I don’t typically tackle social and political issues in my blog. I prefer to focus on the splendor of love, family, community, nature, and serendipity that runs through our lives.
But over the past weeks and months–years, really–I’ve been ruminating over what it feels like to live in the heaviness and post-Covid-social-upheaval of the United States in 2024.
Even though I am in good health and am fortunate to have the companionship of my husband and a cozy home, I often feel a gnawing, low-level anxiety.
I attribute this to worry. What will happen to disenfranchised members of our community–non-white immigrants, people of color, minority women, all women, all children, elderly people, trans people, gay people (like me), etc.–who would be especially vulnerable if our past president (the one just found guilty on thirty-four felony counts by a jury of his peers) should be elected in November?
I should tell you this blogpost isn’t intended to sway your opinion. I don’t think that is possible. I can’t imagine any American being undecided–not in this us-versus-them world exacerbated by lies and constant media attention.

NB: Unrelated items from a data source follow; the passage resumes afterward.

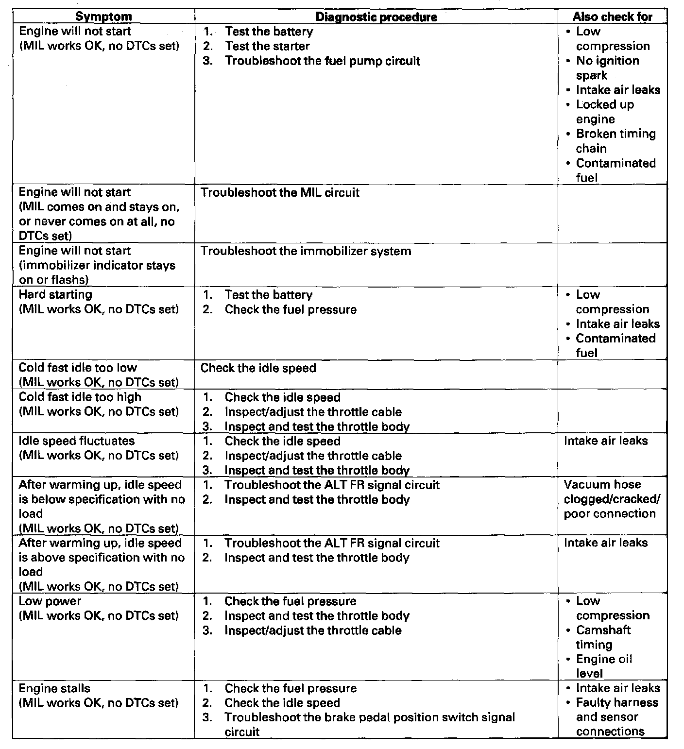 When the vehicle has one of these symptoms, check for a diagnostic trouble code (DTC) with the scan tool. If there is no DTC, do the diagnostic procedure for the symptom, in the sequence listed, until you find the cause.
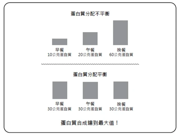 不過好消息是,只要了解如何運用飲食來治療,自己所做的決定可以帶來改變,於生理上與心理上皆為自己打造理想的生活。雖然有些人認為最重要的是每天攝取的蛋白質總量,但研究文獻則指出,建立與維持肌肉的最好方法是在一天中適當分配蛋白質攝取。在臨床實踐中,我發現每天適當分配蛋白質,也可以建立長期遵循的習慣。
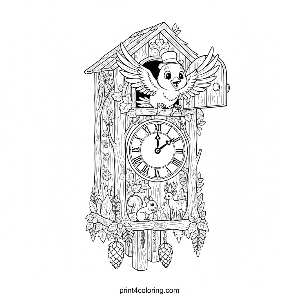 Whimsical Cuckoo Clock's Friendly Surprise Coloring Page

Yes, I will vote for Joe Biden. It’s pretty simple for me. I’m not naive. Of course, he’s made mistakes, but he’s done a lot of good for our country economically and otherwise. I see him as a decent man–the only decent man whose name will appear on the 2024 Presidential ballot. I think he has the best interests of Americans in mind and sees the presidency as a job designed to serve the people, not his personal agendas.

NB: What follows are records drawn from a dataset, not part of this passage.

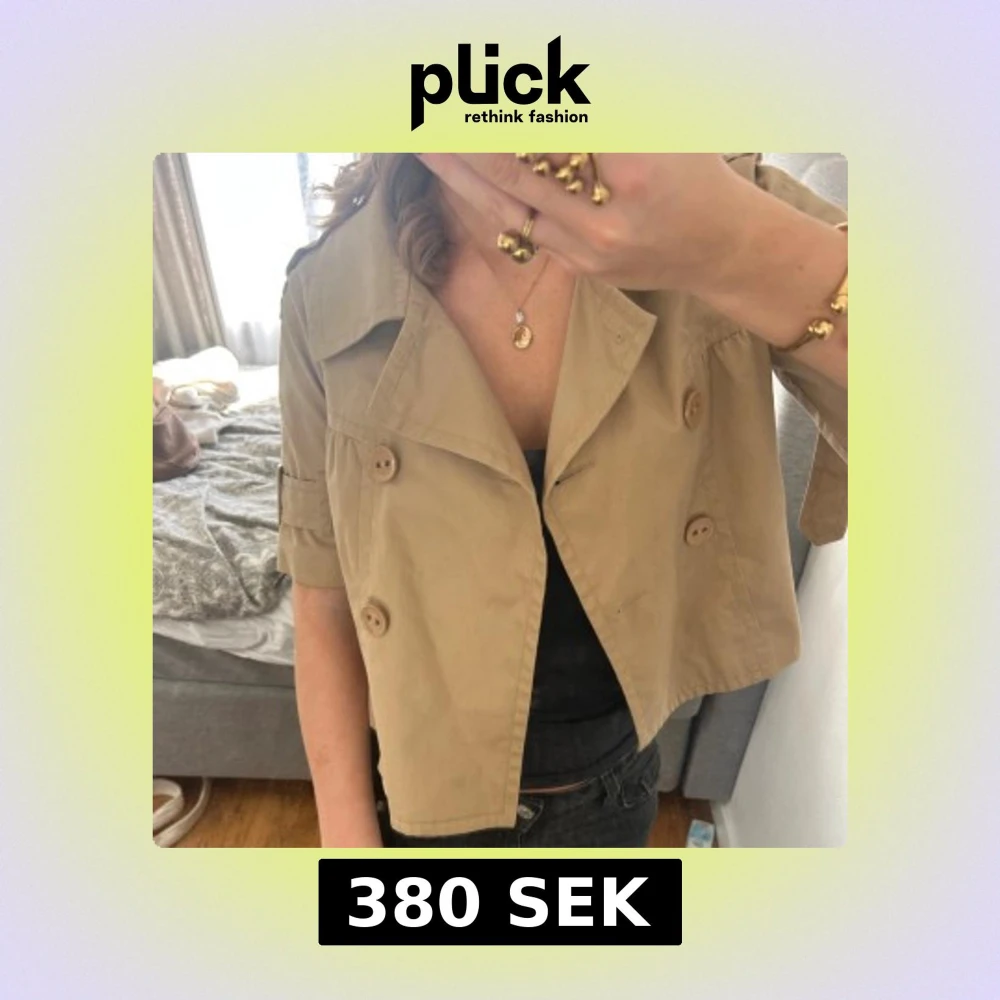 Snygg croppad trenchcoat i beige med dubbelknäppning och korta ärmar. Jackan har klassisk krage, axelklaffar och dekorativa knappar på ärmarna. Perfekt höst kappa. Från Hm. Hör gärna av er vid frågor 🫶
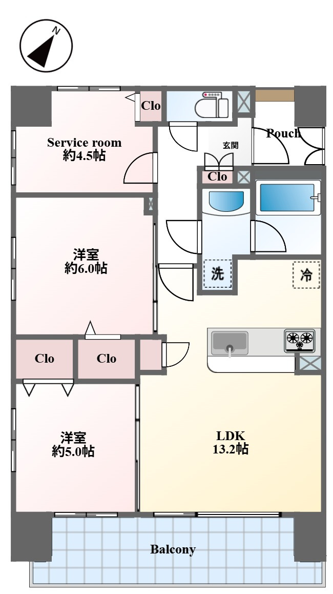 LDK 13.2帖 / 洋室 5.0帖 / 洋室 6.0帖 / S(納戸) 4.5帖 / |
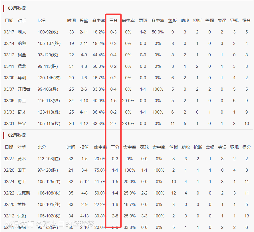 过去的6场比赛伊森三分球18中0,过去的16场比赛伊森三分球65中11,三分球命中率只有16.9%,场均只得到7.3分,投篮命中率33.1%,三分球命中率只有16.9%。伊森的表现令人无奈。
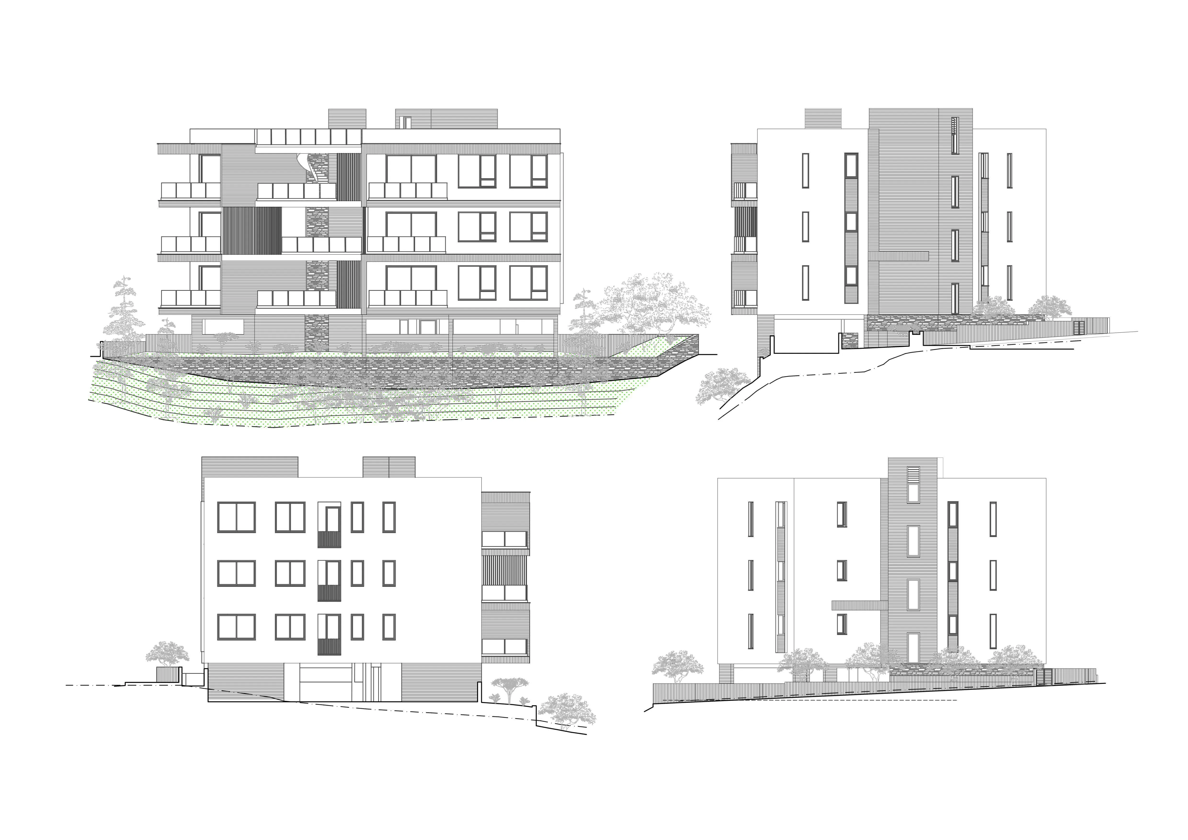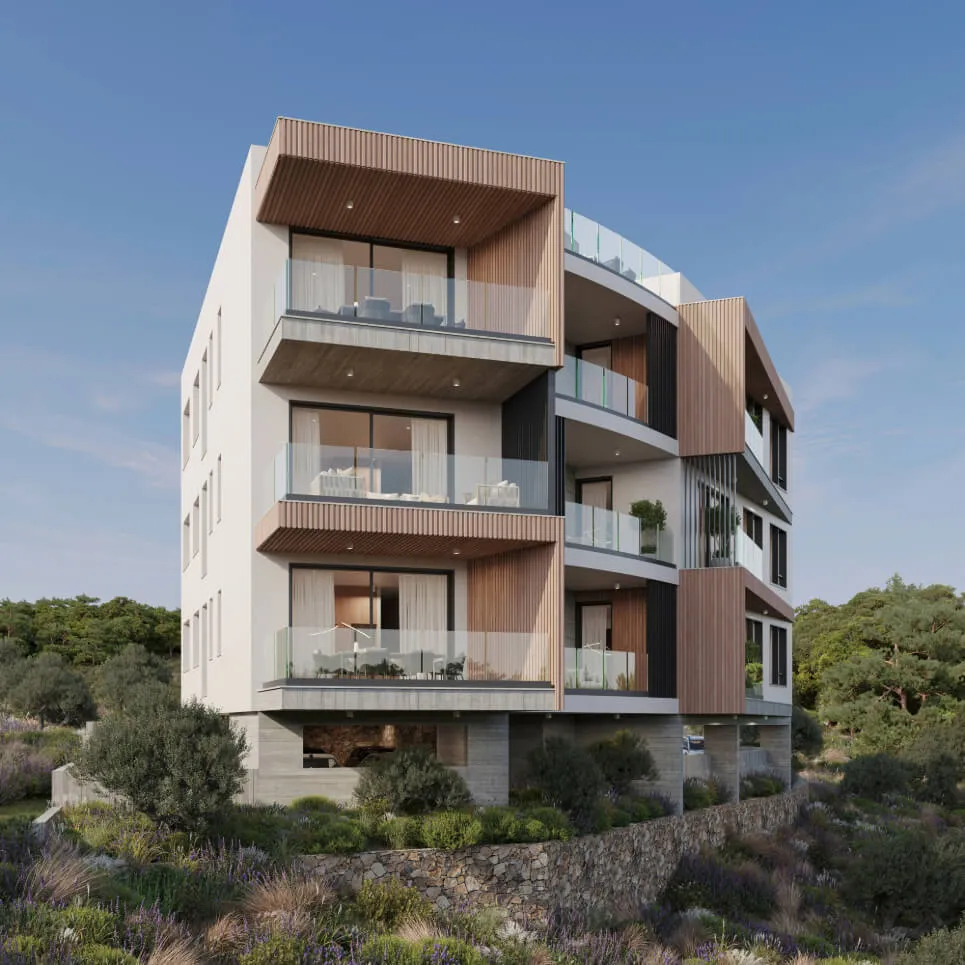 The design places two units per floor to ensure maximum privacy and modern comfort for every resident. By utilizing board-formed concrete and natural textures, the building achieves a tactile, aesthetic appeal that balances its functional layout. Each apartment is oriented to maximize natural light, offering a serene living experience that feels both protected and open. The result is a seamless integration of contemporary form and topographical sensitivity, providing a private retreat that respects the site's unique character.

If you feel differently, you are entitled to that. Just know that the democratic values and rule of law that generations of American men and women have fought for will be flushed down the toilet if enough people in swing states like Arizona vote for the other guy. I won’t include his name here.
Why did I choose to write about this today? Because I suddenly have greater clarity concerning all of the weight, which I’ve been carrying around concerning the potential loss of a safe haven–something all of us are entitled to.
The remarkable thing is my clarity came from an incident outside my front door on Sunday morning … an incident involving a feral animal Tom and I have come to love.
If you follow my blog, you know I’m talking about Poly. For the past three years, on many mornings she has appeared at our front door. Poly lives a reckless life, but at the very least is the beneficiary of food on the cool tile of our entryway (and probably others).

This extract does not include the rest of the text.